» **Task goal**: Repeat every line of the listing below exactly, minus the pictures.

━━ Given data

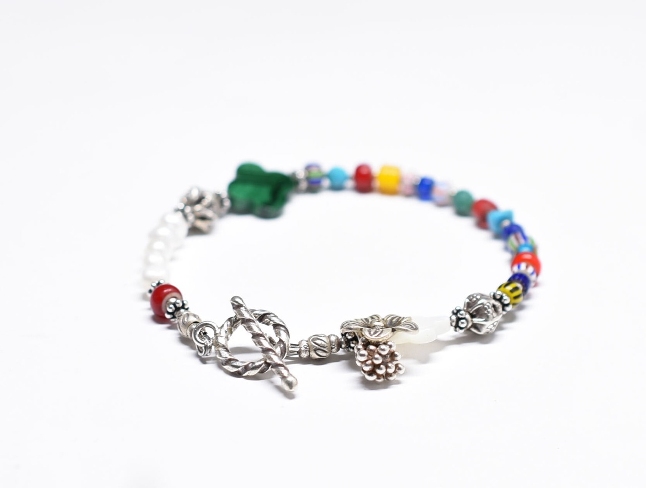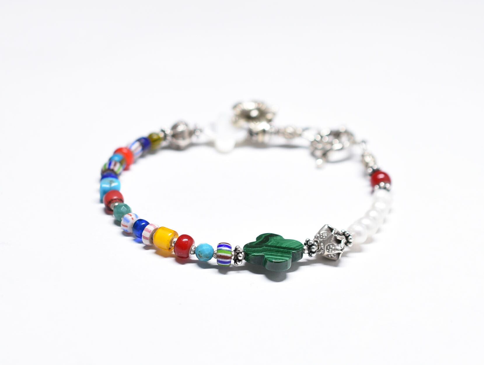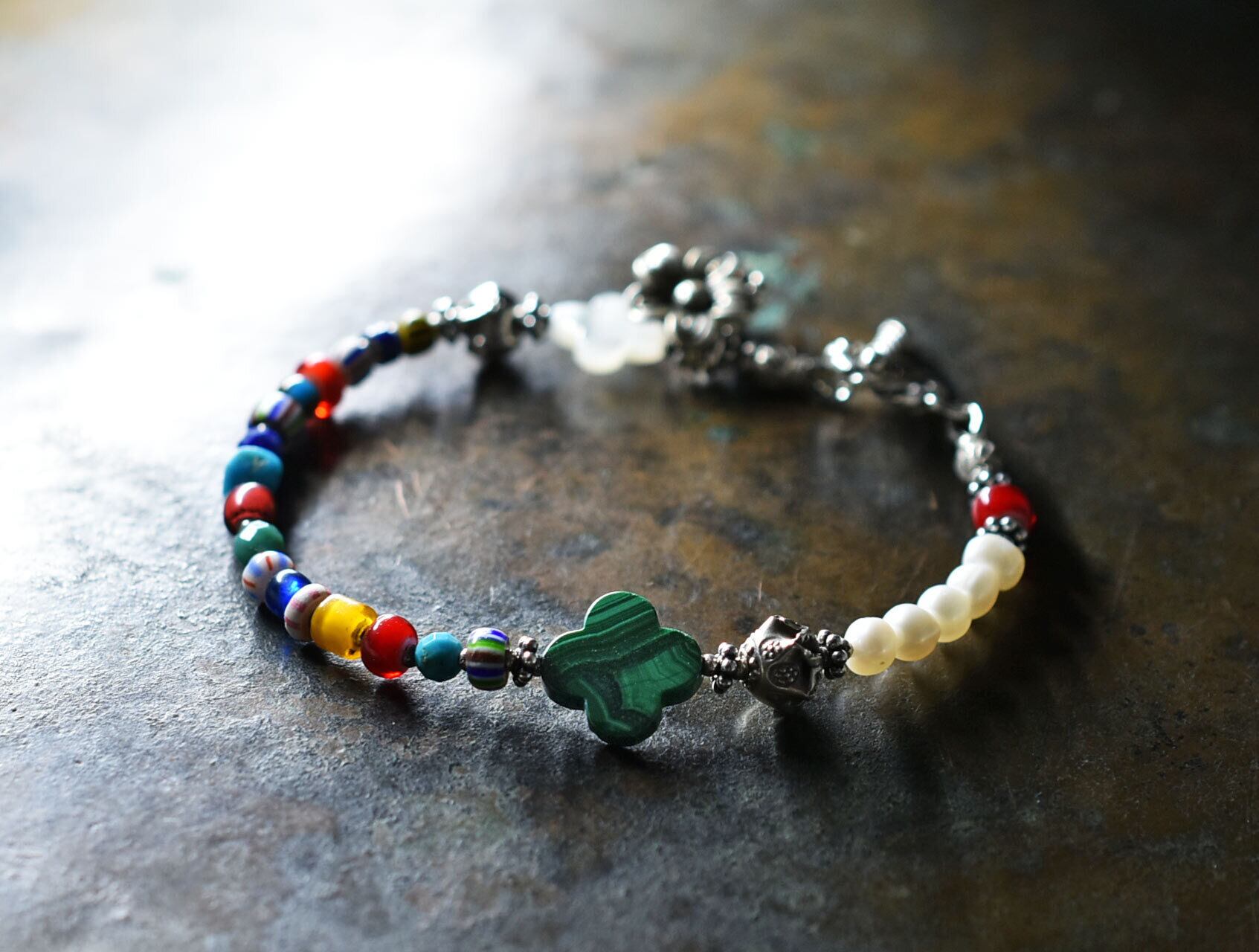 クロバーマラカイト&白蝶貝とパール、多彩ヴェネチアビーズ、カレンシルバーやターコイズなどを繋いだブレスです。
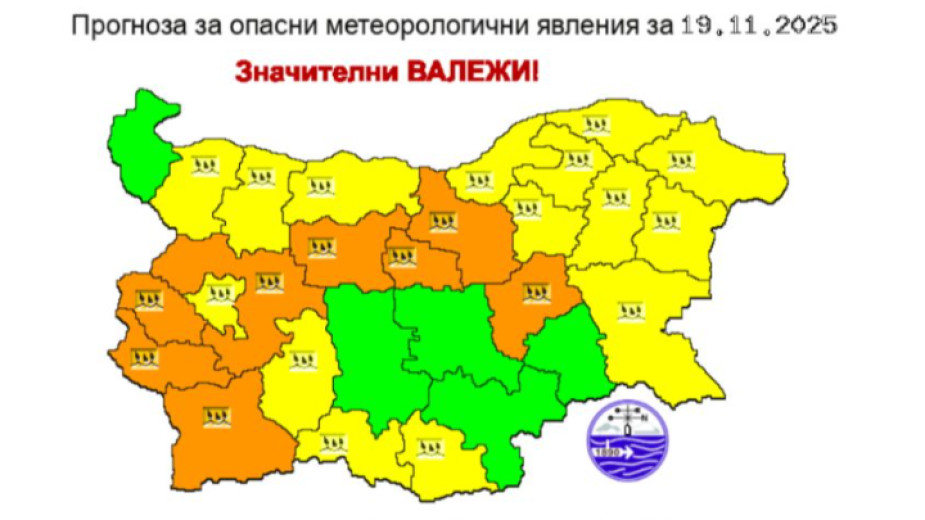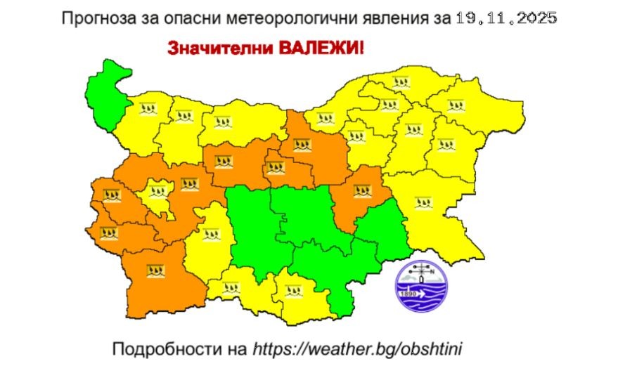 Времето в страната ще се задържи облачно с валежи от дъжд, значителни по количество на места в Югозападна, Централна Северна и Североизточна България, както и в южните райони на Източните Родопи. На по-малко места и по-малко по количество ще са валежите в югоизточните, а през деня и в северозападните райони. Националният институт по метеорология и хидрология (НИМХ) обяви оранжев и жълт код в няколко области у нас за интензивни валежи в сряда (19 ноември).
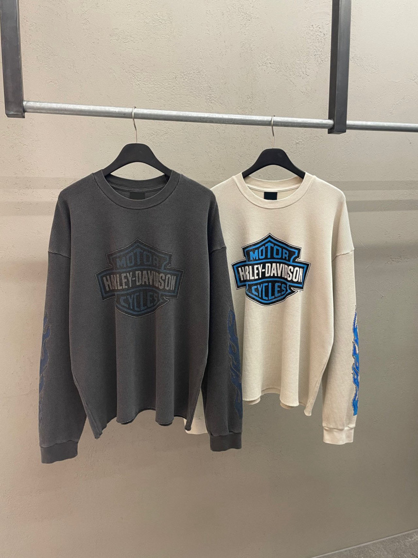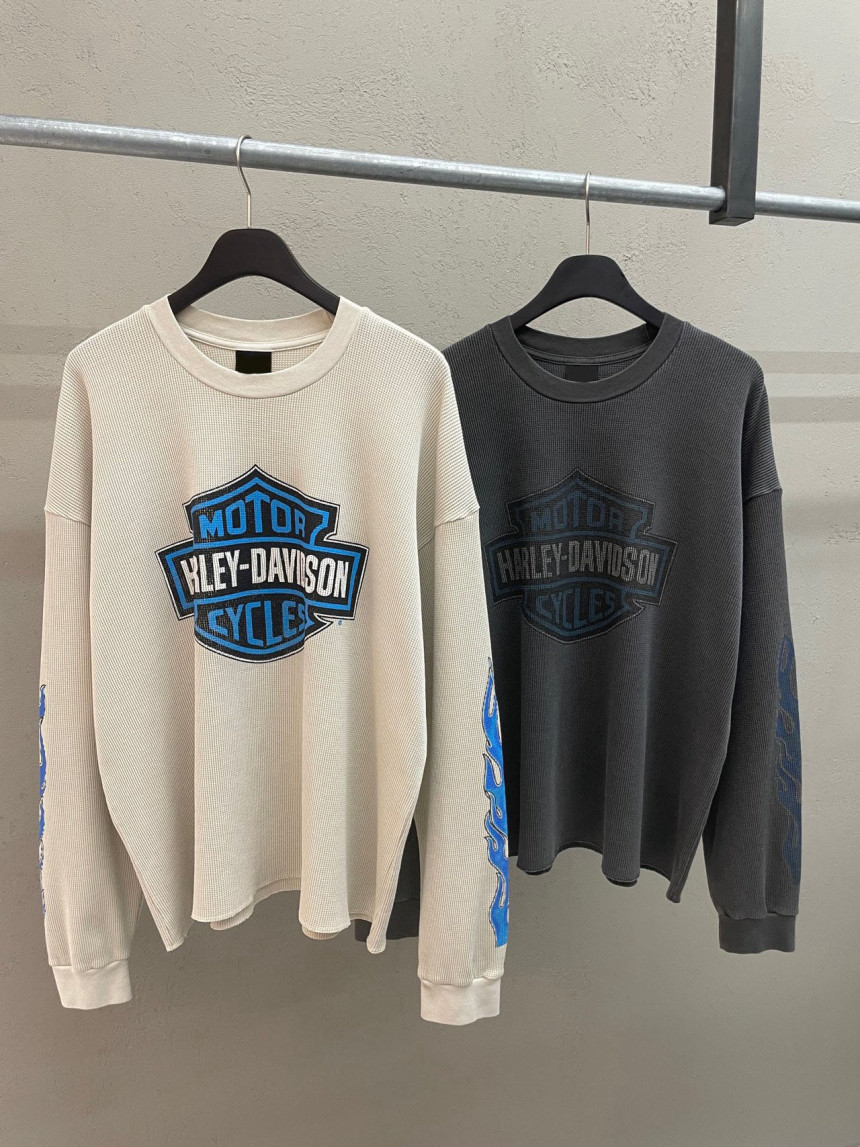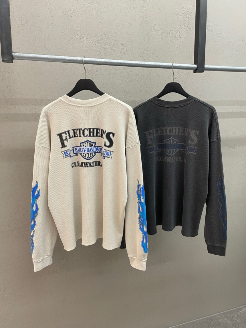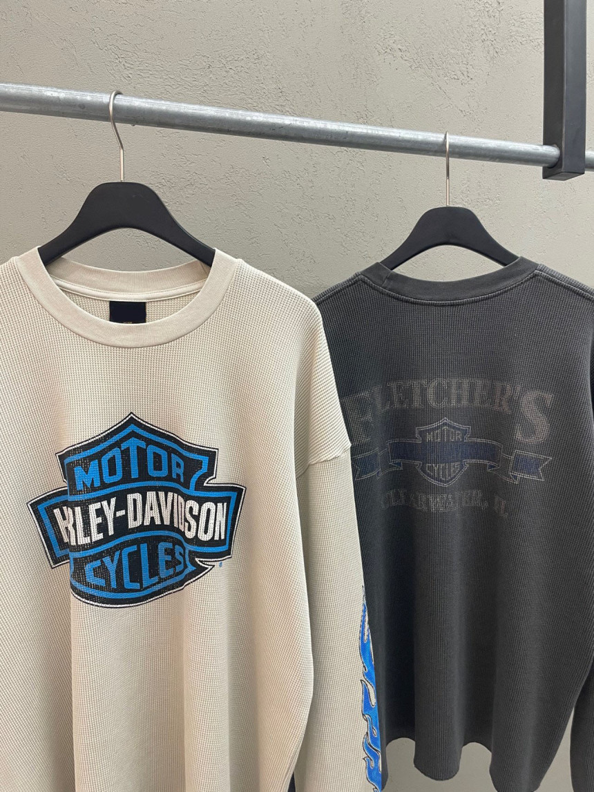 - 세미 크롭한 핏에 와플 소재, 드롭숄더 패턴의 긴팔 티셔츠 입니다.

━━━━

» **Response to this task**:
 クロバーマラカイト&白蝶貝とパール、多彩ヴェネチアビーズ、カレンシルバーやターコイズなどを繋いだブレスです。
 Времето в страната ще се задържи облачно с валежи от дъжд, значителни по количество на места в Югозападна, Централна Северна и Североизточна България, както и в южните райони на Източните Родопи. На по-малко места и по-малко по количество ще са валежите в югоизточните, а през деня и в северозападните райони. Националният институт по метеорология и хидрология (НИМХ) обяви оранжев и жълт код в няколко области у нас за интензивни валежи в сряда (19 ноември).
 - 세미 크롭한 핏에 와플 소재, 드롭숄더 패턴의 긴팔 티셔츠 입니다.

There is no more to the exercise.